Only by examining the letter itself could one contend for or against italicizing any particular word in the text. Was the original letter handwritten or typed? Does it still exist in some library or archive?

Some historians assert that the same or similar phrasing may have been used in a letter to Niels Bohr. Again, archival research would be required to confirm or deny such statements.

Einstein wrote a letter dated 21 March 1942 to Cornelius Lanczos. Einstein wrote:

Es scheint hart, dem Herrgott in die Karten zu gucken. Aber dass er würfelt und sich telepathischer Mittel bedient (wie es ihm von der gegenwärtigen Quantentheorie zugemutet wird), kann ich keinen Augenblick glauben.

Commenting on this letter, Helen Dukas and Banesh Hoffmann write that Einstein was “expressing his dissatisfaction with quantum theory, with its denial of determinism and its limitation to probabilistic, statistical predictions.”

Dukas and Hoffmann offer translations of parts of the letter; in one, Einstein’s view of physics is rendered as “the comprehension of reality through something basically simple and unified.”

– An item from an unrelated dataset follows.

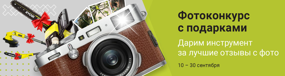 Мы собрали для вас в одном месте все скидки и акции сентября! 1. Инструмент за лучшие фото-отзывы Сроки акции: 10 – 30 сентября 2021 Готовьте фотоаппарат. Заряжайте смартфон. Инструменты Ryobi ждут своего звездного часа. Если они есть в вашем арсенале, вы можете принять участие в нашем конкурсе фото-отзывов. Победители получат крутые подарки от производителя. А это отличный шанс пополнить свой аккумуляторный набор ONE+ или начать его собирать. УЧАСТВОВАТЬ В ФОТОКОНКУРСЕ 2. Станки Ryobi со скидкой, работайте с удовольствием! Сроки акции: 6 – 30 сентября 2021 Даже в частной мастерской нужен хороший станок. Зачем тратить время на работу ручной циркулярной пилой, если можно установить распиловочный стол? У Ryobi представлены варианты в различных комплектациях – от базовой до расширенной. А еще есть модель, которая совмещает в себе торцовку и распиловочный станок. Выбирайте и получайте скидку! ВЫБРАТЬ СТАНОК 3. Осенняя распродажа на садовую технику – скидки поспели! Сроки акция: 1 – 30 сент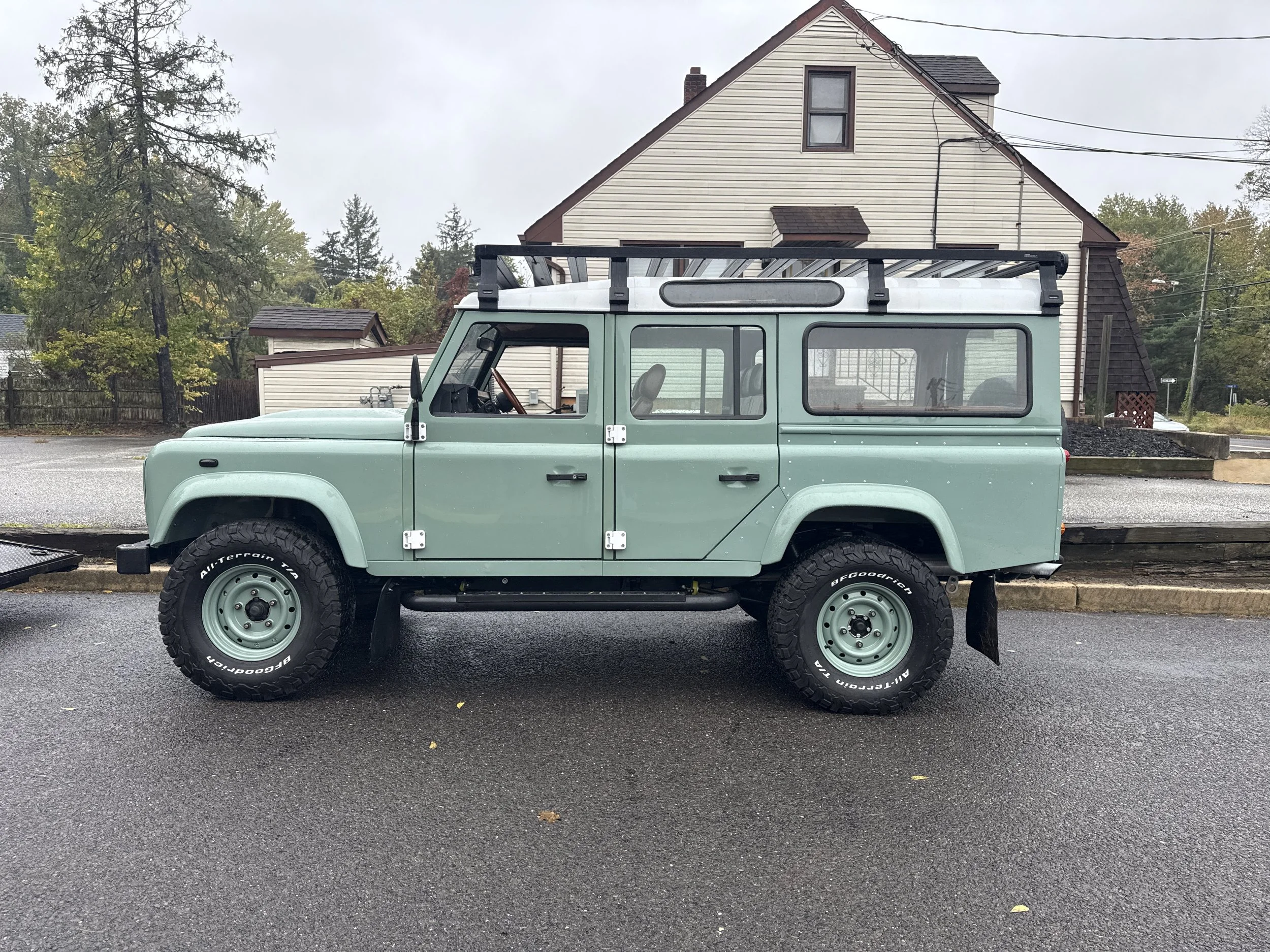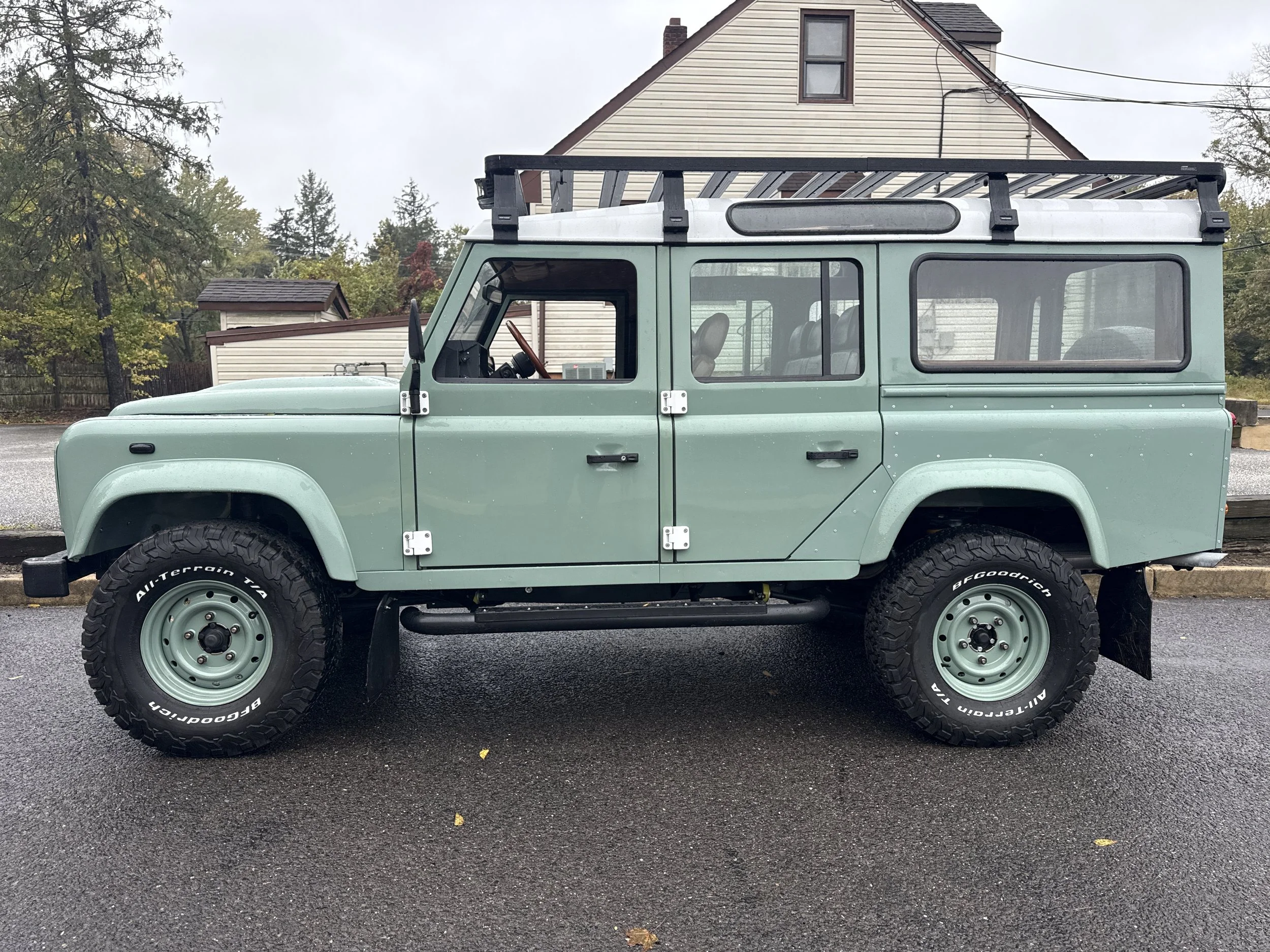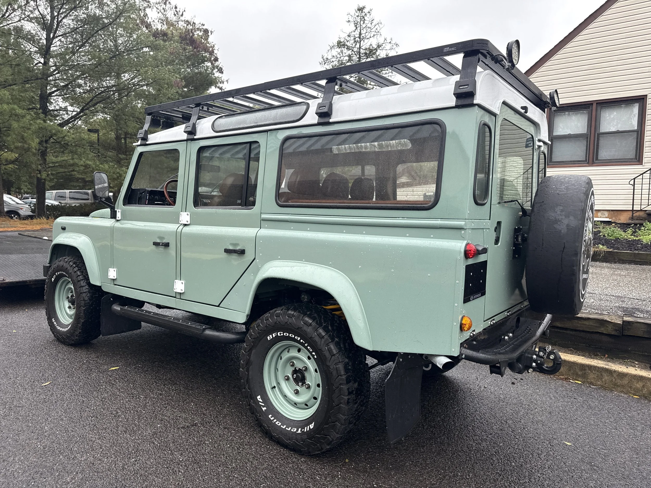 This Land Rover Defender 110 was imported into the United States by The Alpine Element, and underwent a very extensive restoration. This Defender was repainted in Grassmere Green, and fitted with matching steel wheels and appropriate tires, similar to the Heritage Edition Defenders, which are highly desirable Defenders. This Defender also features chestnut brown leather, an air conditioning unit, power windows, power locks, back up camera, bluetooth audio, and more!

Although the transmissions of these texts is a bit wobbly, there is certainly enough evidence to justify assertions that Einstein sought, and asserted the existence of, lawlike regularities and causations in physics. He was not content with only the statistical phenomena, but rather wanted the concrete noumena which lay beneath those generalizations.

Einstein didn’t disagree with statistical methods, like those, e.g., of Boltzmann. But he seems to have viewed them as merely characterizations of observations, as phenomenal, and not an explanation or a mathematical modeling of the underlying noumena.